To successfully assume and/or assign the lease, any prepetition default must be cured and the party assuming the lease, whether it’s the tenant or a prospective replacement, must provide adequate assurance of the ability to abide by the lease provisions in the future. The landlord should always conduct as much due diligence as possible of any proposed assignee to the lease and object if the landlord is not satisfied the replacement will be able to perform.
Landlords and tenants alike should carefully monitor the bar date for filing of proofs of claims in the bankruptcy case and be aware of the Bankruptcy Code’s cap on claims for lease damages. In the event a tenant rejects its lease, a landlord’s claim for damages is limited to the larger of one year’s rent or 15% percent of the remaining term capped at three years total.
Finally, a landlord may file a motion to compel earlier assumption or rejection and/or a motion for relief from the automatic stay to terminate and evict a tenant, but the landlord faces a high bar in so doing and often must show the relief is necessary to avoid irreparable harm to the landlord.
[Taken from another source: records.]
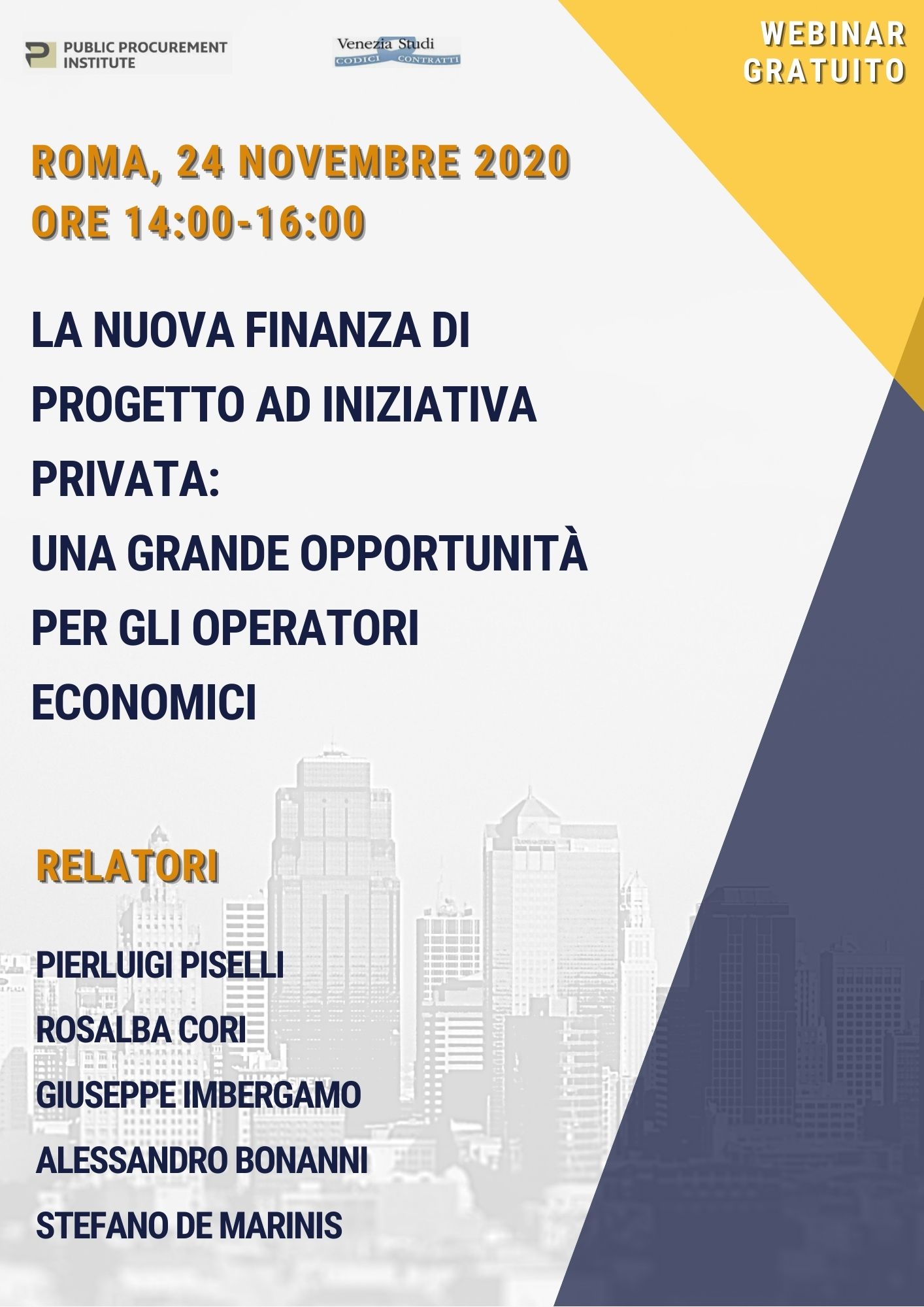 Il Founding Partner Pierluigi Piselli, gli Of Counsel Rosalba Cori, Stefano De Marinis e Alessandro Bonanni e l’Associate Giuseppe Imbergamo analizzeranno i profili normativi ed applicativi del PPP e le prospettive di utilizzo alla luce del recente intervento legislativo.
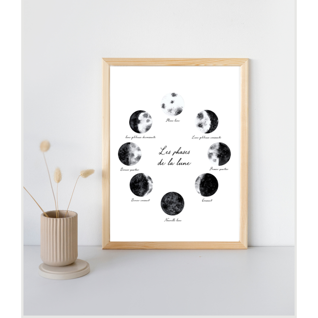 Découvrez cette affiche A4 représentant les phases de la Lune, (reproduction d'une illustration réalisée à l'aquarelle). Cette œuvre d'art unique capture la beauté mystique de la Lune dans ses différentes phases, ajoutant une touche céleste et élégante à votre décoration intérieure.
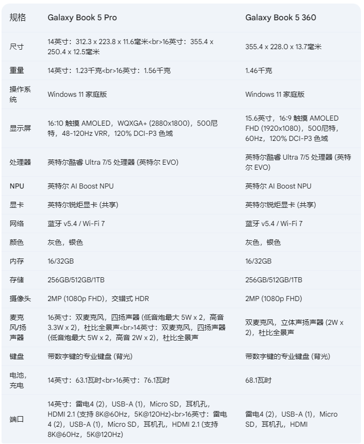 IT之家 1 月 7 日消息,在 CES 2025 上,三星正式发布了新款 Galaxy Book5 系列笔记本电脑,包括 Galaxy Book5 Pro 和 Galaxy Book5 360 两款产品。这两款新品均搭载了英特尔最新发布的、配备 NPU(神经网络处理器)的 Arrow Lake 酷睿 Ultra 处理器,并深度集成了 Galaxy AI 功能。
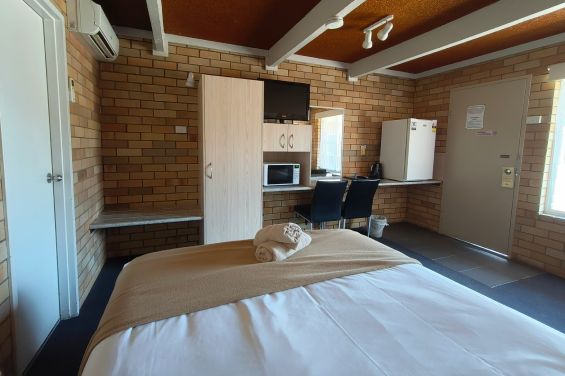 This motel room has a queen-size bed and a single bed. The room includes air conditioning to ensure a comfortable environment and an in-room heater and electric blankets are also included for added comfort in colder weather. There is a desk available for work or study purposes. A hairdryer, alarm clock and iron and ironing board is available for your convenience. You can enjoy fresh air with the opening windows, and listen to music or news on the radio. A bar-sized refrigerator is provided to store drinks and snacks and there is a microwave. Entertainment is covered with a TV featuring satellite or cable channels. The room has a shower and tea and coffee-making facilities are available for a quick refreshment. Complimentary WiFi is provided to keep you connected during your stay.

The ability to assume, assign, or reject leases is an opportunity for debtor tenants and non-debtor landlords or investors to negotiate a mutual resolve that is perhaps more reflective of current market conditions. This could provide both a reduced rent for the tenant and an uninterrupted revenue source for the landlord. Reviewing your business practices and forms now may provide you better leverage when needed later.